В эти дни я как раз обменивала дом. Взяла листок, расчертила на две половинки: тут плюсы нового дома, там минусы старого. И, измучавшись, чуть не свихнувшись, плюнула, не решилась на переезд, осталась в прежнем жилище. Он сказал, усмехнувшись:
– Ты не решилась променять дом на дом. А я променял страну на страну.
В последнюю поездку сын сделал ему великолепные сплошные голливудские зубы. Но он по привычке смущённо улыбался, прикрываясь ладошкой и не размыкая губ. Даже к улыбке нужно было привыкать.
Что имеем – не храним, потерявши – плачем. Ещё поговорка: запретный плод сладок. Как он трепетал, что с визой не выйдет – тогда Америка была вожделенным запретным плодом.
И вот он уезжает, его ждёт собственный угол, однокомнатное гнездо. Условие одно: он не может покидать его в год не больше, чем на два месяца. Потому что это не рационально – содержать подолгу пустующее социальное помещение. В рациональной Америке умеют считать каждый цент.
Долгожданное гнездо оказалось клеткой. Вдруг в одночасье всё повернулось на 180 градусов. Запретной, а значит, сладкой была Россия, которая держала окна распахнутыми, легко отпускала его: давай, до свидания. Чемодан, вокзал, Америка. Лети на все четыре стороны. Именно тогда у него вырвалось: «Эта ненавистная Америка».
Перед отъездом он резко сдал, подволакивал ногу, под глазами набрякли мешки.
В последнюю ночь перед отъездом проснулся, как всегда, с ощущением нереальности происходящего. Как всегда в последнее время, в голову полезли запоздалые неуместные сомнения. Мысль о том, что ни в одну из поездок сноха ни разу не называла его ни «папа», ни хотя бы по имени-отчеству. Вообще никак не называла.

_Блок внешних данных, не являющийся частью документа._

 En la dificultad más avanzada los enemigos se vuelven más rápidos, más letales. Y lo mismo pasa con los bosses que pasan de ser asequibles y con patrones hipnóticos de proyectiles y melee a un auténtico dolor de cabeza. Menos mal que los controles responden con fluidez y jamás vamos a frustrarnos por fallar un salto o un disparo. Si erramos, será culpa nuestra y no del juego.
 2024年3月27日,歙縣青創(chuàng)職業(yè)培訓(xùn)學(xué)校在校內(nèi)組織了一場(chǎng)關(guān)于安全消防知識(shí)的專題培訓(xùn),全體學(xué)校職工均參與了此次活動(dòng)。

Недавно сын позвал к скайпу внука – поговорить с дедом. Тот, невидимый, откуда-то от игрушек подал досадливый голос:
– Снова по-русски разговаривать?! Не хочу по-русски! Пускай дедушка сам учится по-нашему говорить!
На тумбочке у кровати лежал умерший мобильник – он молчал весь вчерашний день. Друзья, родные, знакомые устали прощаться. Наговорили массу искренних приятных вещей, наказали не забывать родину, пожелали лёгкого пути – ничего не забыли?

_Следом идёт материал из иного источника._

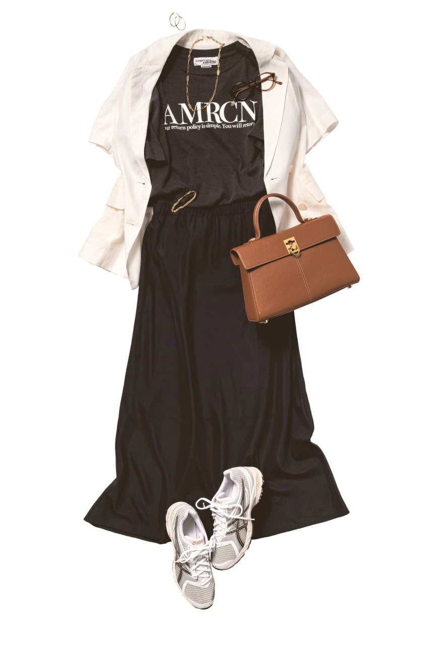 ジャケット¥23,100(マイストラーダ)Tシャツ¥13,200(アメリカーナ×ジーンズ ファクトリー/ジーンズ ファクトリー 卸団地本店)スカート¥18,700(アンクレイヴ/アンクレイヴ〈オンワード樫山〉)バッグ¥107,100(カフネ/カフネ カスタマーサポートセンター)シューズ¥15,400(アシックス/アシックスジャパン カスタマーサポート部)メガネ¥35,200(ブラン/ライト)ピアス¥132,000(ウノアエレ/ウノアエレ ジャパン)ネックレス¥20,900(ココシュニック オンキッチュ/ココシュニック)ブレスレット¥57,200(O-KI/ロードス)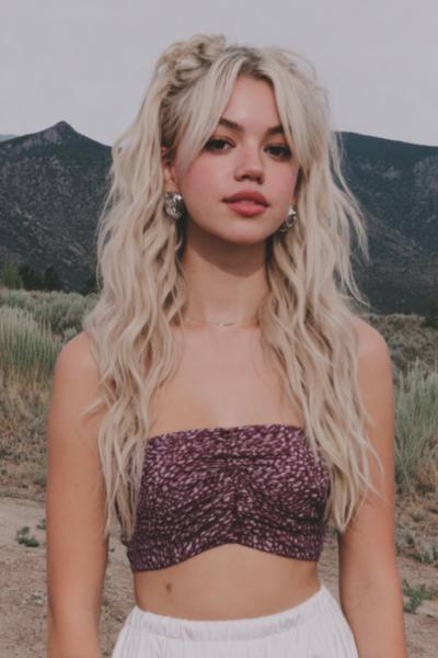 Boho-Vibes pur: halbe Hochsteckung mit locker gedrehten Strähnen und langen Beachwaves. Mit Salzspray vorbereiten, Wellen brechen, dann Twists fixieren. Lässig, romantisch, bereit für goldenes Abendlicht.

У всех своя жизнь, работа, дела, семьи, заботы – он не пуп земли, верно, сколько можно? И вот телефон молчит. То есть он ещё не уехал – а его уже забыли, вычеркнули из жизни. Поставили на нём крест. Похоронили заживо. Друзья, страна похоронила. Быстро же это произошло. Вот так.
Заломило за грудиной, выше сосков. Вдруг понял причину поселившейся в нём тоски: что и было в его жизни настоящего – так это страна с его детством, юностью, зрелостью, с радостями и ошибками. Здесь вечно низкое серенькое пасмурное небо, к вечеру вдруг проясняющееся холодной узкой полоской заката «малиновое варенье». Здесь крутые виражи истории, здесь прошлое дышит кровью и мясом – его история, его прошлое.
Что его ждёт там? Чистенькая игрушечная, причёсанная жизнь – чужая, не его, не всамделишная. Кукольный дом.
Затрещал будильник. Нужно было вставать учиться жить заново.